## Work request
Repeat the listing exactly as given, omitting every image.

## Recorded information
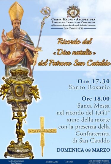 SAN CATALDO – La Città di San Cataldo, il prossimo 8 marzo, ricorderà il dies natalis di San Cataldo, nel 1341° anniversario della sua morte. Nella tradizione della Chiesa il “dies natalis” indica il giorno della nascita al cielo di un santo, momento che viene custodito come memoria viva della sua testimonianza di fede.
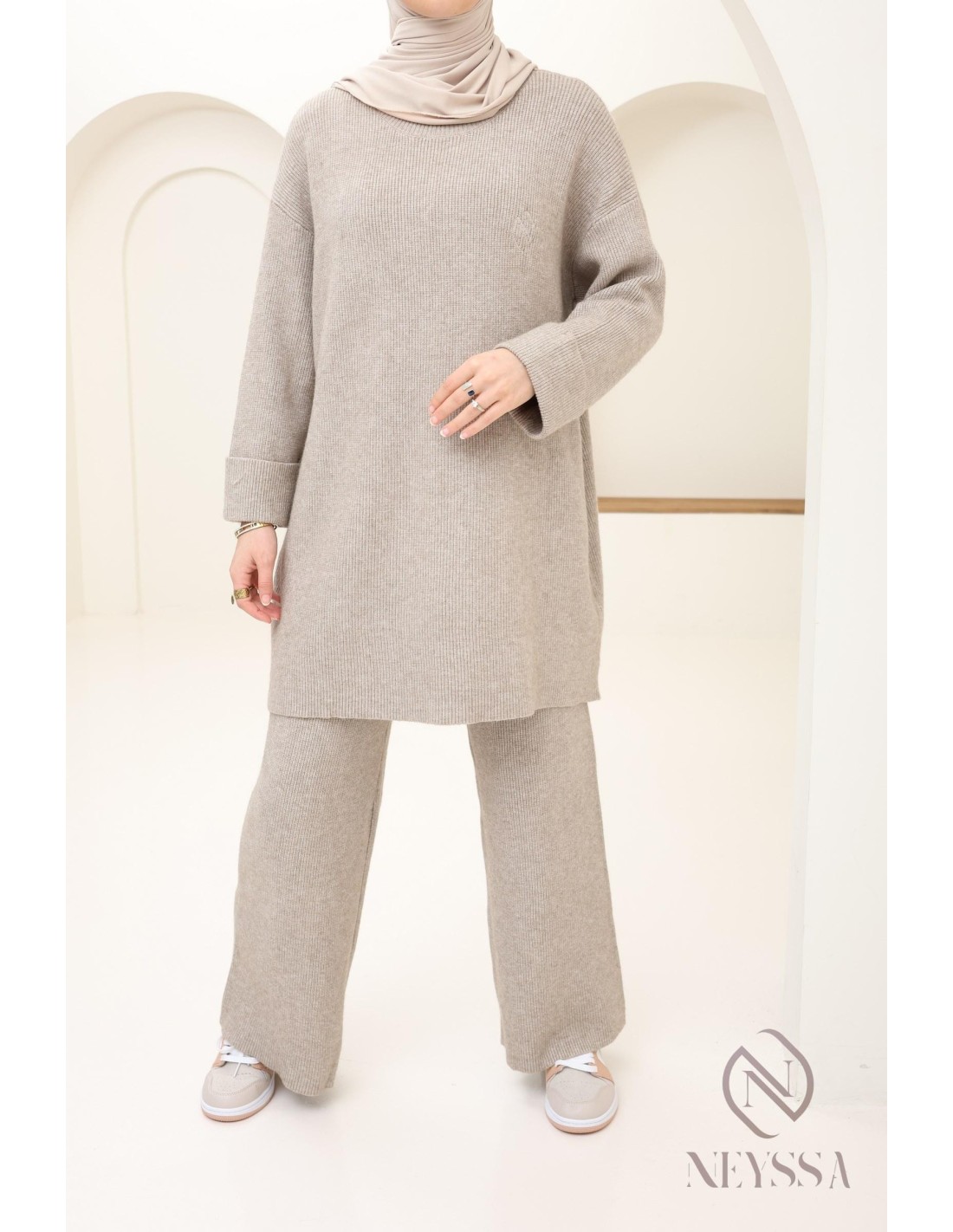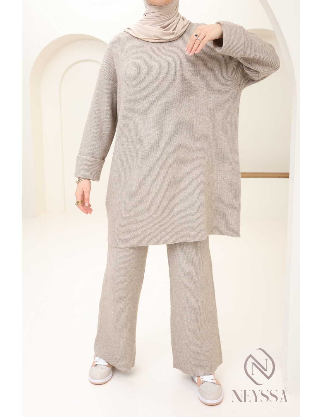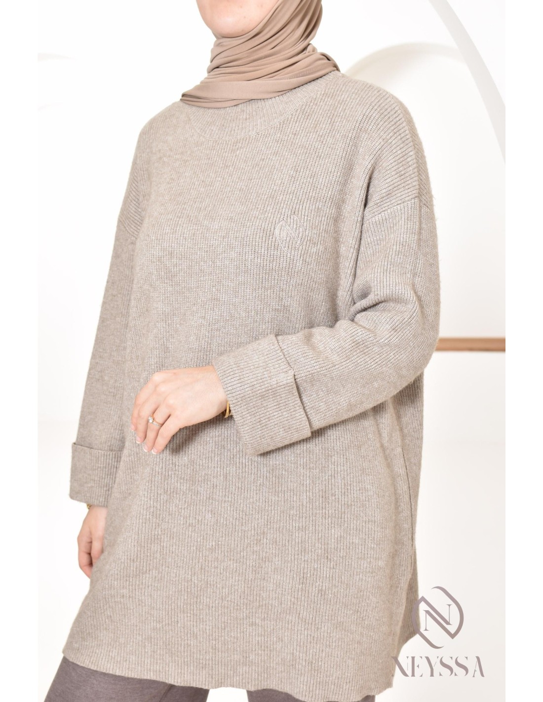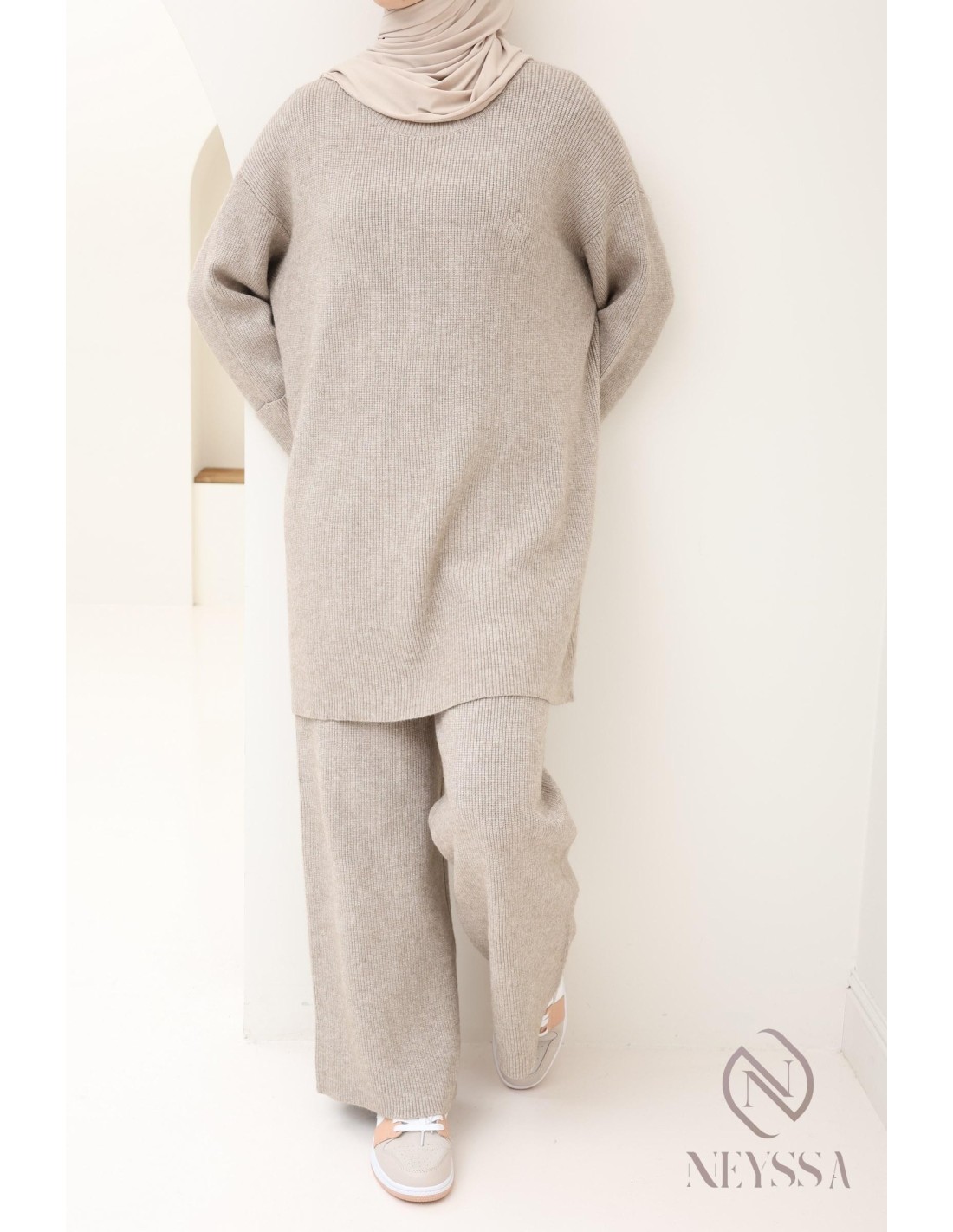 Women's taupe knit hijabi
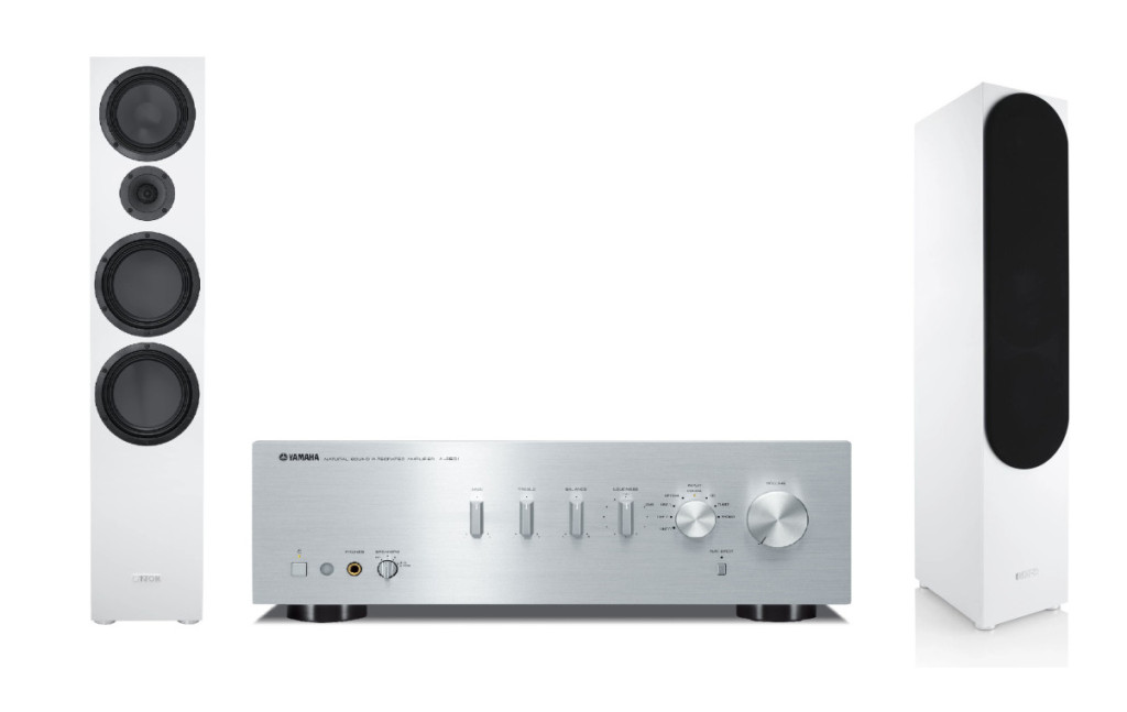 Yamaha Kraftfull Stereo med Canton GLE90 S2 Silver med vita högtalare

## Exercise result
 SAN CATALDO – La Città di San Cataldo, il prossimo 8 marzo, ricorderà il dies natalis di San Cataldo, nel 1341° anniversario della sua morte. Nella tradizione della Chiesa il “dies natalis” indica il giorno della nascita al cielo di un santo, momento che viene custodito come memoria viva della sua testimonianza di fede.
 Women's taupe knit hijabi
 Yamaha Kraftfull Stereo med Canton GLE90 S2 Silver med vita högtalare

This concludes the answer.